Reflecting and meditating 

(Youcat comment) The oldest written testimony to the Resurrection is a letter that St. Paul wrote to the Corinthians around twenty years after Christ’s death: “For I delivered to you as of first importance what I also received, that Christ died for our sins in accordance with the Scriptures, that he was buried, that he was raised on the third day in accordance with the Scriptures, and that he appeared to Cephas, then to the Twelve. Then he appeared to more than five hundred brethren at one time, most of whom are still alive, though some have fallen asleep” (1 Cor 15:3-6). Paul is recording here a living tradition that was present in the original Christian community two or three years after Jesus’ death and Resurrection, when he himself became a Christian on the basis of his own staggering encounter with the risen Lord. The disciples took the fact of the empty tomb (Lk 24:2-3) as the first indication of the reality of the Resurrection. Women, of all people, discovered itaccording to the law of that time they were not able to testify. Although we read about the apostle John that he “saw and believed”(Jn 20:8b) already at the empty tomb, full assurance that Jesus was alive came about only after a series of appearances. The many encounters with the risen Lord ended with Christ’s Ascension into heaven.
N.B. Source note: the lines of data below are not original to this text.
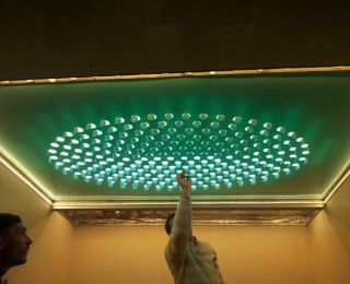 Подсветка, закрепленная на резные потолки, создает 3D-эффект в помещении, а если при монтаже использовать матовое полотно для основы и глянцевое для перфорации – светодиодная лента поможет создать эффект объема.
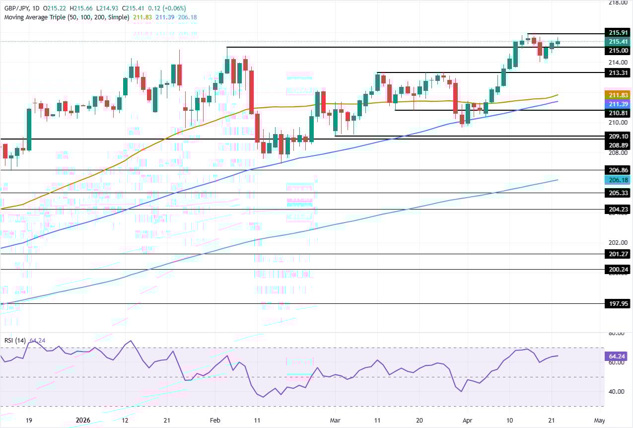 英镑/日元价格预测:英镑在215.00上方持稳,动能减弱
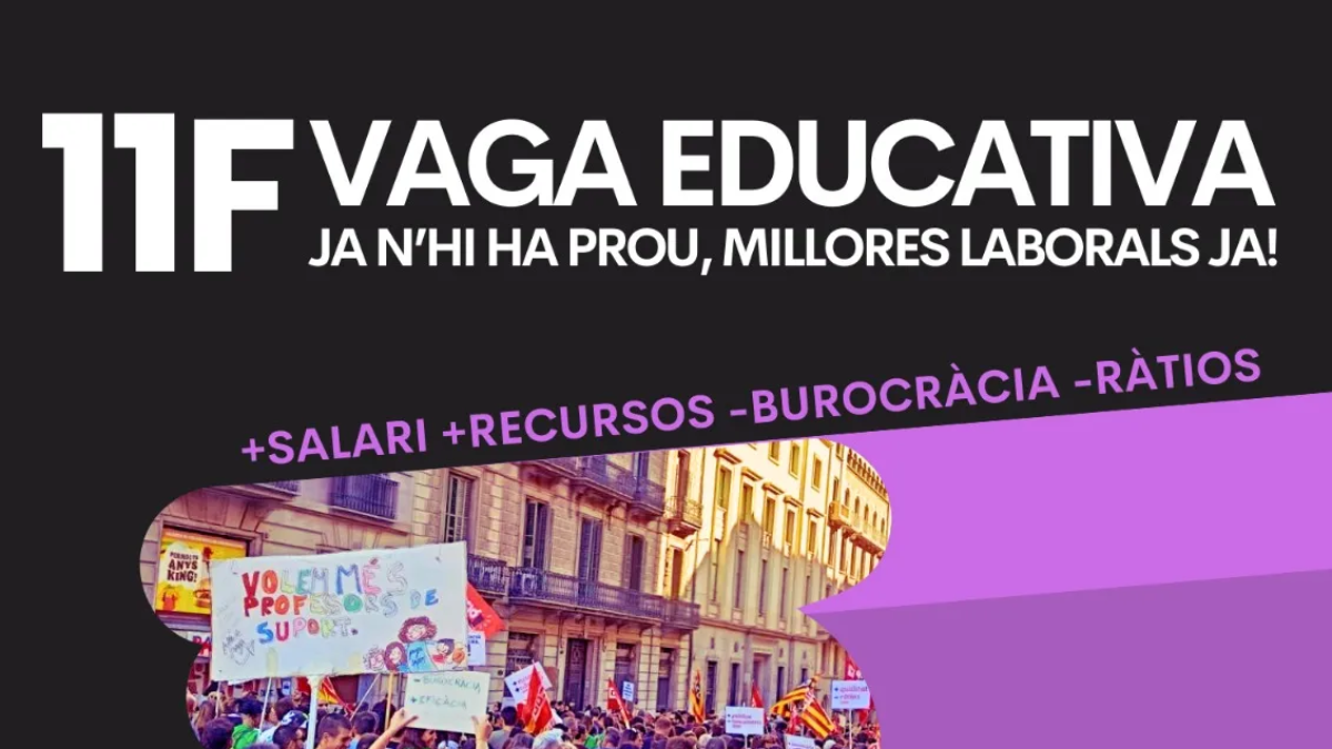 Dentro del ciclo de movilizaciones prometido por el sector antes de cerrar el año 2025, la mesa sindical ha convocado una huelga de todo el personal docente de Cataluña el próximo 11 de febrero. Una huelga a la que se ha sumado el Sindicato de Estudiantes y que está llamada a ser una jornada masiva de lucha de toda la comunidad educativa: desde escuelas infantiles, primaria, secundaria, PAS, PAE, personal de ocio educativo, familias y alumnado, para defender la educación pública que está en peligro.
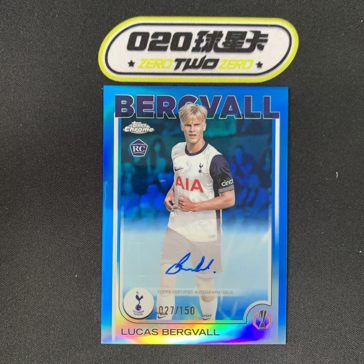 2024-25 Topps Chrome Bergvall 欧冠TC 贝里瓦尔 新秀RC 27/150编 蓝折 签字 未来可期 热刺 微瑕如图(LC88)
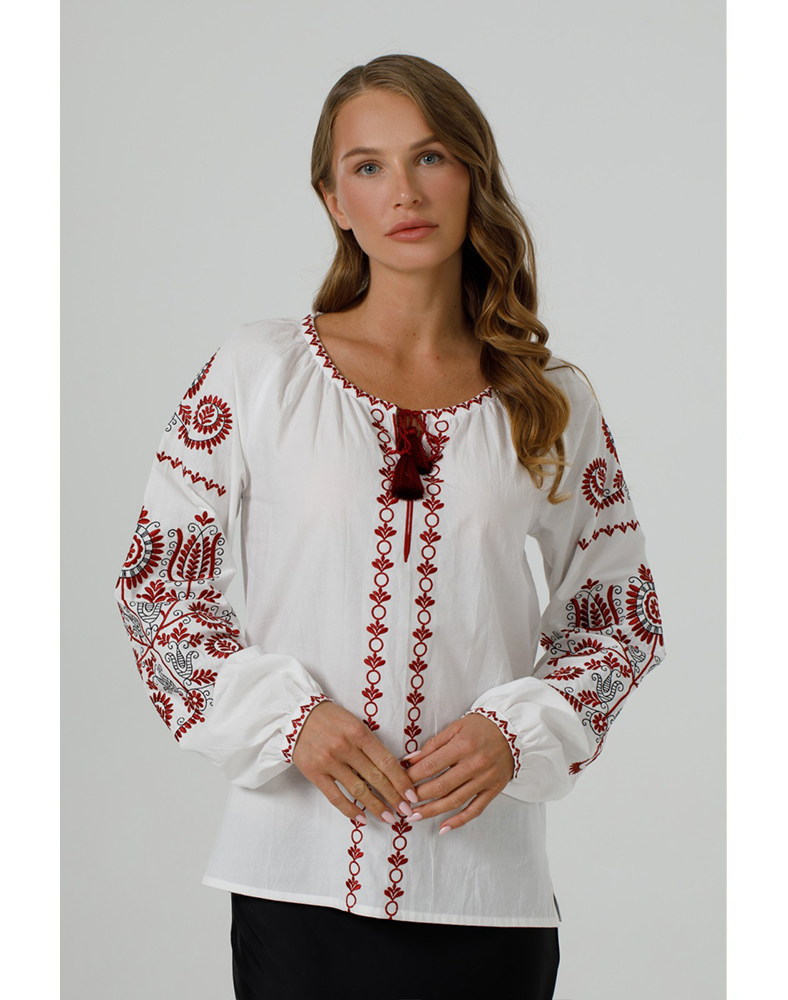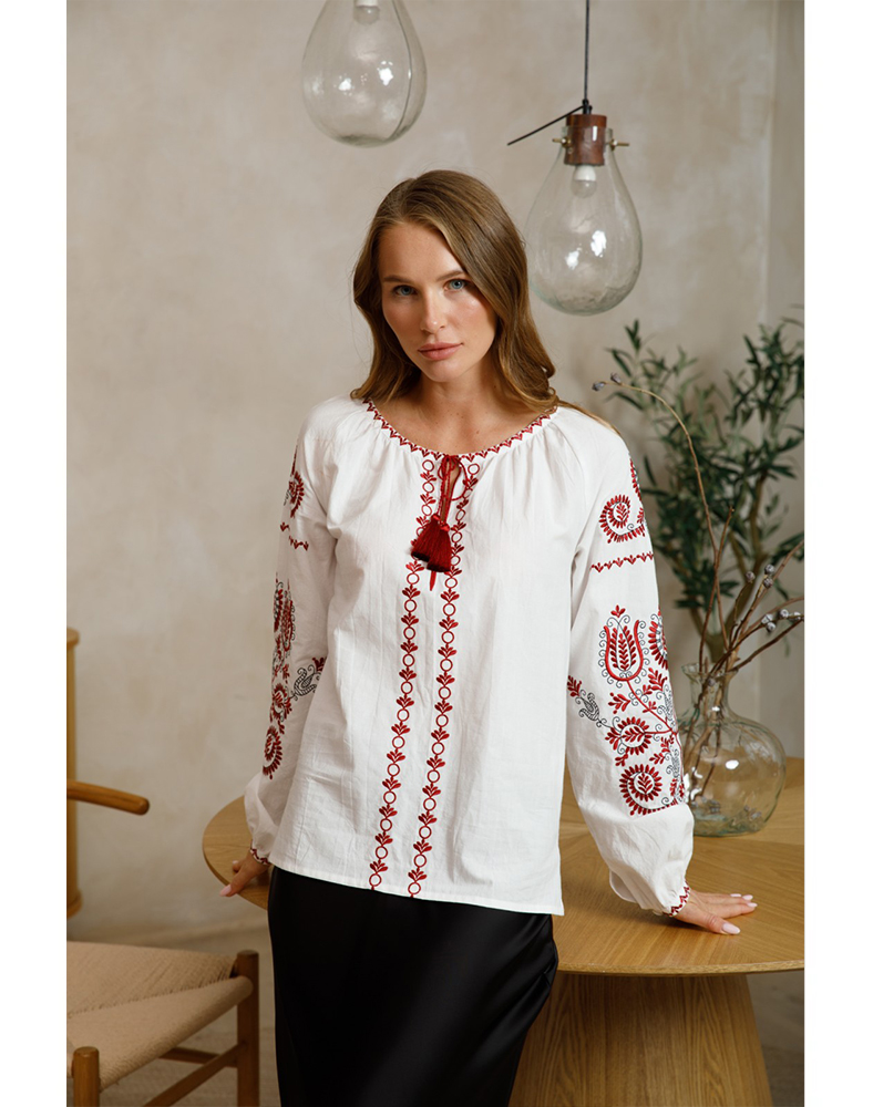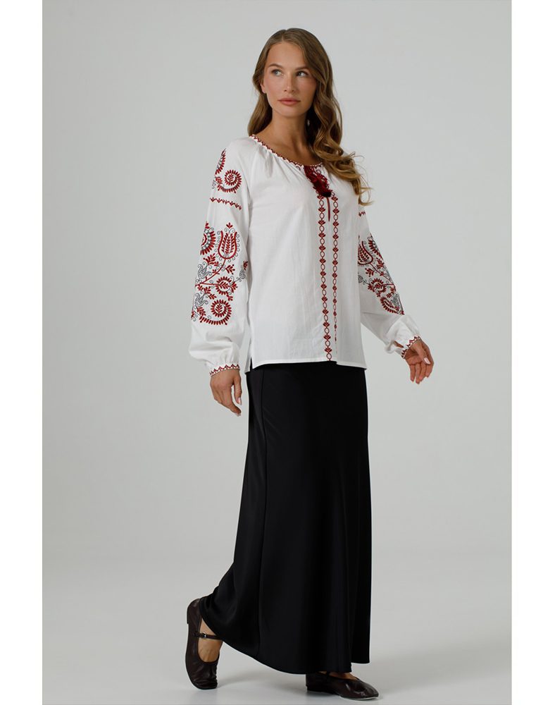 Головний акцент моделі — виразна вишивка в традиційному орнаменті “Цвітана”, виконана насиченими червоними нитками. Вона виглядає яскраво, контрастно та особливо святково. Силует вільний і універсальний, підходить для різних типів фігури та створює ефект акуратного, витонченого образу.
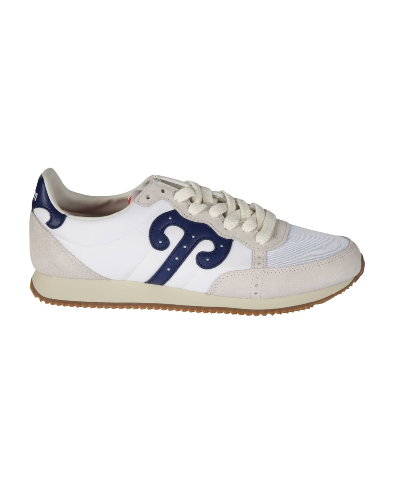 Logo Sneakers from Wushu Ruyi: White/Blue Logo Sneakers with round toe, lace-up front fastening, logo patch to the side and ridge rubber sole. <
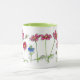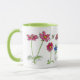 Eine hübsche botanische Tasse mit leuchtend rosa Kosmos-Blume, blauen Nigella und Honigbienen, die in schwarzer Farbe gezeichnet und mit Aquarellfarbe gestrichen wurden. Eine nette Tasse für einen Freund!
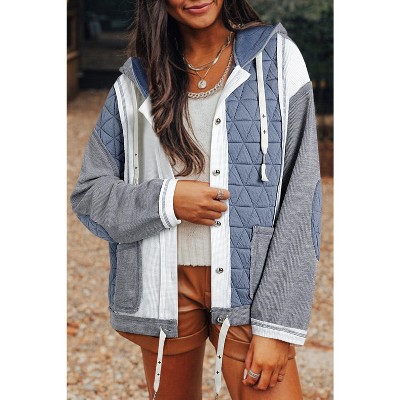 Jungle Green Quilted Textured Patchwork Loose Fit Hooded Jacket

Nevertheless, there were afterward and there are even today encounters with the living Lord: Jesus Christ lives.

(CCC Comment)

(CCC 642) Everything that happened during those Paschal days involves each of the apostles - and Peter in particular - in the building of the new era begun on Easter morning. As witnesses of the Risen One, they remain the foundation stones of his Church. The faith of the first community of believers is based on the witness of concrete men known to the Christians and for the most part still living among them. Peter and the Twelve are the primary "witnesses to his Resurrection", but they are not the only ones - Paul speaks clearly of more than five hundred persons to whom Jesus appeared on a single occasion and also of James and of all the apostles (1 Cor 15:4-8; cf. Acts 1:22).    

(This question: Are there proofs for the Resurrection of Jesus? is continued)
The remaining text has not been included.